Release It!

Design and Deploy Production-Ready Software

By Michael T. Nygard.

Chapter 1. Living in Production

Aiming for the Right Target

We need to design individual software systems, and the whole ecosystem of interdependent systems, to operate at low cost and high quality.

The Scope of the Challenge

The increasing scope of this challenge —to build software fast that’s cheap to build, good for users, and cheap to operate— demands continually improving architecture and design techniques. Designs appropriate for small WordPress websites fail outrageously when applied to large scale, transactional, distributed systems, and we’ll look at some of those outrageous failures.

A Million Dollars Here, a Million Dollars There

Design and architecture decisions are also financial decisions.
These choices must be made with an eye toward their implementation cost as well as their downstream costs.

Use the Force

Your early decisions make the biggest impact on the eventual shape of your system.
The earliest decisions you make can be the hardest ones to reverse later.
The beginning is when your team is most ignorant of the eventual structure of the software, yet that’s when some of the most irrevocable decisions must be made.

Pragmatic Architecture

The ivory-tower architect most enjoys an end-state vision of ringing crystal perfection, but the pragmatic architect constantly thinks about the dynamics of change.
Software delivers its value in production. The development project, testing, integration, and planning...everything before production is prelude.

Chapter 2. Case Study: The Exception That Grounded an Airline

It’s just fantasy to expect every single bug like this one to be driven out. Bugs will happen. They cannot be eliminated, so they must be survived instead.
How do we prevent bugs in one system from affecting everything else?

Chapter 3. Stabilize Your System

Defining Stability

A robust system keeps processing transactions, even when transient impulses, persistent stresses, or component failures disrupt normal processing.
The terms impulse and stress come from mechanical engineering.
An impulse is a rapid shock to the system.
Stress to the system is a force applied to the system over an extended period.

Extending Your Life Span

The major dangers to your system’s longevity are memory leaks and data growth.
Both kinds of sludge will kill your system in production. Both are rarely caught during testing.

Failure Modes

You can decide what features of the system are indispensable and build in failure modes that keep cracks away from those features.

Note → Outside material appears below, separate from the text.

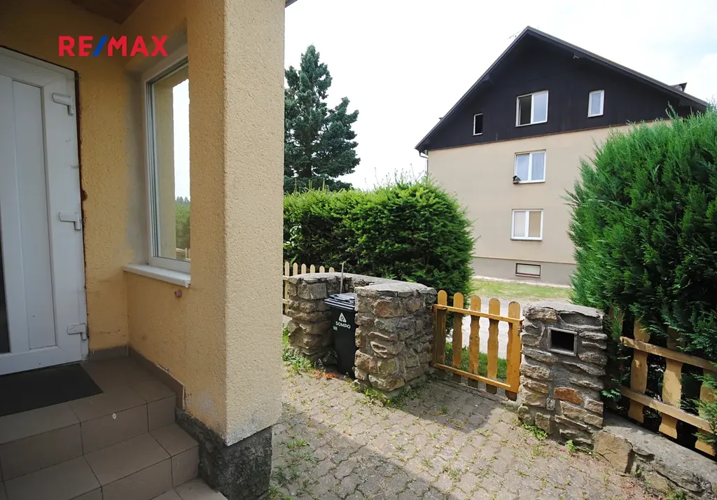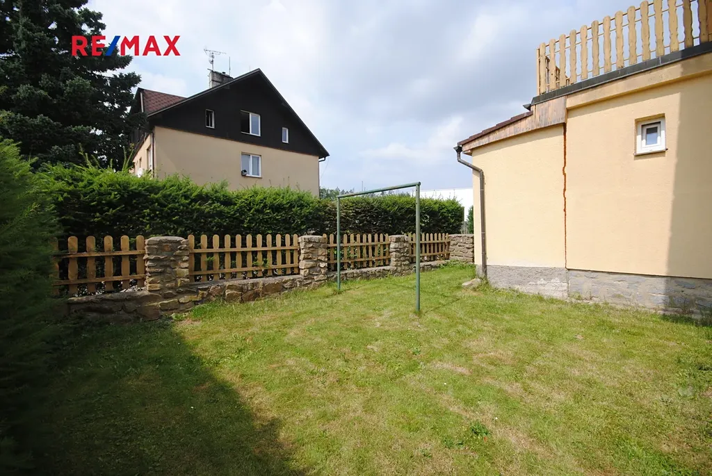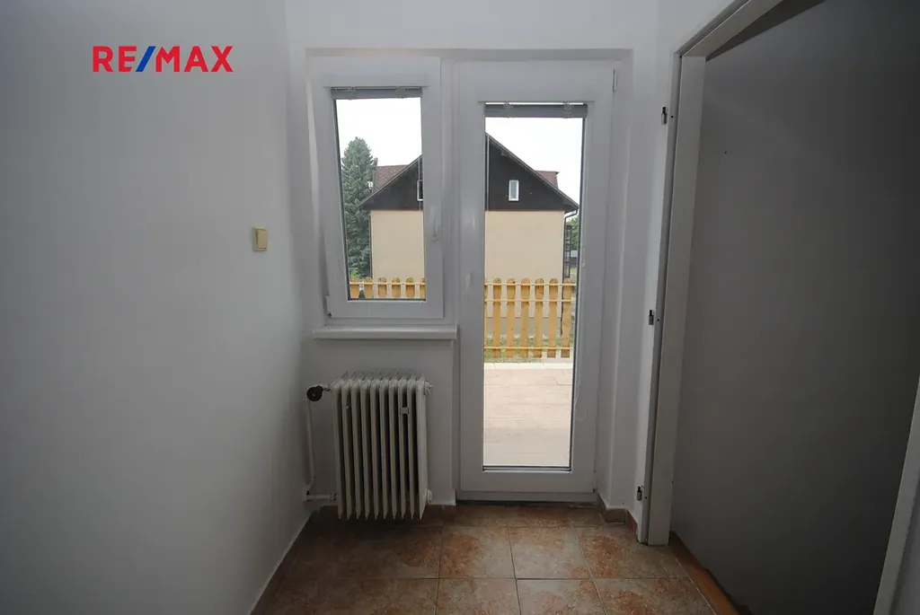 Nabízíme k prodeji mezonetový byt v rodinném domě, který byl prohlášením vlastníka rozdělen na dvě velké, stavebně i provozně zcela oddělené bytové jednotky, každá s vlastním vstupem, zahradou, terasou i sklepem. Reálně tak majitel bydlí v polovině dvojdomku. Prodávaná bytová jednotka má dispozici 4+1 s podlahovou plochou 102 m2, terasu v patře domu o ploše 16 m2 a sklep taktéž o výměře 16 m2. Velkou předností tohoto bytu je oplocená zahrada o celkové ploše 237 m2. Mezonetový byt je situován do přízemí a patra, přičemž přízemí je dispozičně členěno na závětří, vstupní chodbu s komorou, samostatným WC a spíží, na kterou navazuje velkoprostorová obytná kuchyně, samostatný obývací pokoj a koupelna s vanou. Horní podlaží bytu je přístupné po schodišti z prostoru obytné kuchyně a dispozičně nabízí centrální chodbu ze které jsou jednotlivé vchody do dvou větších pokojů a jednoho malého pokojíku a menší koupelny se sprchovým koutem. Taktéž vstup na terasu je z této chodby. Sklepní prostor je využitý především jako kotelna (kotel na dřevo, elektrokotel) a sklad paliva. Ohřev vody zajišťuje elektrický bojler v koupelně.

Stopping Crack Propagation

The more tightly coupled the architecture, the greater the chance this coding error can propagate.
Conversely, the less-coupled architectures act as shock absorbers, diminishing the effects of this error instead of amplifying them.

Chain of Failure

Fault: A condition that creates an incorrect internal state in your software. A fault may be due to a latent bug that gets triggered, or it may be due to an unchecked condition at a boundary or external interface.
Error: Visibly incorrect behavior. When your trading system suddenly buys ten billion dollars of Pokemon futures, that is an error.
Failure: An unresponsive system. When a system doesn’t respond, we say it has failed. Failure is in the eye of the beholder...a computer may have the power on but not respond to any requests.
Faults become errors, and errors provoke failures. That’s how the cracks propagate.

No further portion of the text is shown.